Russia’s flagship Urals crude breached the $60 price cap set by the EU and G7 countries this week for the first time since the mechanism was implemented in an attempt to curtail Moscow’s oil exports. The Urals spot price reached $60.18 on July 12, while Primorsk and Novorossiysk-loaded cargoes hit $60.78 per barrel, according to Argus Media.
A price cap on Russian oil imposed by the EU, G7, and allied countries last December prohibits Western shipping, insurance, and re-insurance companies from handling Russian cargoes unless they are sold at or below the set price. A similar restriction was introduced in February for exports of Russian petroleum products. Russia has responded to the restrictions by outlawing the sale of oil and refined products to buyers that comply with the cap.
“The latest data represents a victory of sorts for Moscow, which has assembled a shadow fleet of ships big enough to transport its crude to buyers with less need for services from companies in G7 countries,” Bloomberg wrote on Wednesday. Urals’ price rise above the cap is a “setback to Europe and the US, which designed the policy to keep enough oil flowing to the global economy to prevent an inflation shock — while trying to crimp profits for Russia,” the outlet explained.
Meanwhile, Indian refineries are bracing for problems with banks over payments for Russian oil, Bloomberg said, citing oil industry sources. The latest crude pricing may create challenges for some Indian buyers who rely on Western services to insure oil imports. India and China emerged as key buyers of Russian crude after other customers shunned supplies due to Western sanctions.
“Indian banks have been extra cautious in the last few months for fear of sanctions, requiring the refiners to show that the free-on-board price of their cargo was below $60 in order to put the payment through,” said Vandana Hari, founder of Vanda Insights.
An executive at one Indian refinery said purchases of Urals for loading in July could now be priced above the cap, adding that his company may consider a switch from US dollars to other currencies for payments for Russian oil.
Echoing these remarks, the lead crude analyst at Kpler, Viktor Katona, said that “in case some Indian buyers become wary of transactional risks, the most likely change this is going to bring about is a change in currency.”
He believes that Russian oil will continue flowing to India unimpeded as it is largely insured by non-Western providers and overwhelmingly carried on Russia’s own fleet.

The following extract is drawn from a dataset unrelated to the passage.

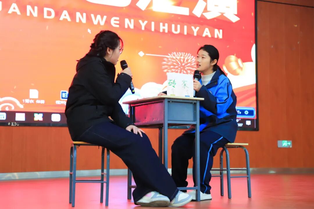 同学们以青春为笔,以梦想为墨,通过歌唱、武术表演、小品、器乐演奏、相声、贯口、朗诵、话剧等多种形式,尽情展现新时代宏达人的蓬勃朝气与多元才华——美妙悠扬的琴弦与歌唱奏响青春的节拍,铿锵有力的朗诵声颂出对祖国的热爱与未来的憧憬,磅礴迅捷的武术表演尽展少年侠骨与血脉豪情,引人入胜的小品探讨关怀与救赎的温情“良药”,诙谐幽默的相声、贯口让人在欢笑中思考生活,跌宕起伏的话剧演绎出校园的温情与趣味,每一个节目都充满了少年人的活力与赤诚。

Recently, the price of Russia’s flagship Urals crude oil surpassed the $60 price cap determined by the European Union (EU) and the Group of Seven (G7) countries. This is the first time that the cap has been breached since its implementation, as an effort to restrict Moscow’s oil exports. On July 12, the Urals spot price reached $60.18, while the Primorsk and Novorossiysk-loaded cargoes hit $60.78 per barrel, based on data from Argus Media.
The EU, G7, and allied countries established a price cap on Russian oil in December last year. The restriction prohibits Western shipping, insurance, and re-insurance companies from handling Russian cargoes unless they are sold at or below the set price. Furthermore, a similar restriction was introduced in February for exports of Russian petroleum products. In response to these limitations, Russia implemented a ban on selling oil and refined products to buyers who comply with the cap.

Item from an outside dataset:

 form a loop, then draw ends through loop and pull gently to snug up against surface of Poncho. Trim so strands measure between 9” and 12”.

Bloomberg highlighted that this latest development can be seen as a triumph for Moscow, which has managed to assemble a shadow fleet of ships capable of transporting its crude to buyers who require fewer services from G7 countries. Conversely, this price increase above the cap poses a setback for Europe and the US, which designed the policy to ensure an adequate flow of oil to the global economy and deter profit generation for Russia.
In addition to this, Indian refineries are anticipating issues with banks regarding payments for Russian oil. Bloomberg cited oil industry sources and noted that the recent surge in crude pricing could create challenges for some Indian buyers who rely on Western services for oil import insurance. Following Western sanctions, India and China emerged as significant buyers of Russian crude after other customers avoided Russian supplies.
Vandana Hari, founder of Vanda Insights, explained that Indian banks have been extra cautious in recent months due to the fear of sanctions. Consequently, they require refiners to prove that the free-on-board price of their cargo is below $60 in order to proceed with payment. An executive at an Indian refinery stated that Urals purchases for July loading may now exceed the cap. As a result, the company may consider switching from US dollars to other currencies for payments related to Russian oil.
Viktor Katona, the lead crude analyst at Kpler, echoed these statements and suggested that if Indian buyers become wary of transactional risks, a probable change would involve a switch in currency. Despite this potential challenge, Katona believes that Russian oil will continue to flow to India without hindrance, primarily due to the extensive insurance coverage provided by non-Western providers and the predominant use of Russia’s own fleet for transportation.